[[ Material for this exercise open ]]
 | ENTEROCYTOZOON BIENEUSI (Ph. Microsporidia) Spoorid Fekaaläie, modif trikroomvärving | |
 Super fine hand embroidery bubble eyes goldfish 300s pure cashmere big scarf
[[ Material for this exercise closed ]]
[[ Material for this exercise open ]]
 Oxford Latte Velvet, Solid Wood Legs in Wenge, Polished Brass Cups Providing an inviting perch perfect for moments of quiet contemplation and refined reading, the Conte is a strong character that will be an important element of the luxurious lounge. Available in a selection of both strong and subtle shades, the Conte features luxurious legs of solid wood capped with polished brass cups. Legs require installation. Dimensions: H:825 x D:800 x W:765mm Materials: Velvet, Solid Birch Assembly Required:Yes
[[ Material for this exercise closed ]]
[[ Material for this exercise open ]]
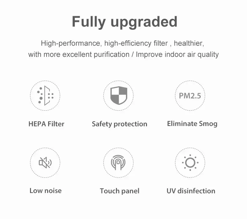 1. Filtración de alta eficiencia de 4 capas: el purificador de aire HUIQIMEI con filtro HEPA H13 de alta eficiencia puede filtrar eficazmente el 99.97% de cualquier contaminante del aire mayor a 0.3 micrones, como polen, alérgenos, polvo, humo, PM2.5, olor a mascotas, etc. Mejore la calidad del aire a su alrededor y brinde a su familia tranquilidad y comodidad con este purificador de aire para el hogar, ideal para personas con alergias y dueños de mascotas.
[[ Material for this exercise closed ]]
§ Task description
In the listing above, locate the line containing "trikroomvärving | |" and the line containing "Super fine hand". Transcribe those two lines and everything between them, exactly as written.

§ Answer for this exercise
 | ENTEROCYTOZOON BIENEUSI (Ph. Microsporidia) Spoorid Fekaaläie, modif trikroomvärving | |
 Super fine hand embroidery bubble eyes goldfish 300s pure cashmere big scarf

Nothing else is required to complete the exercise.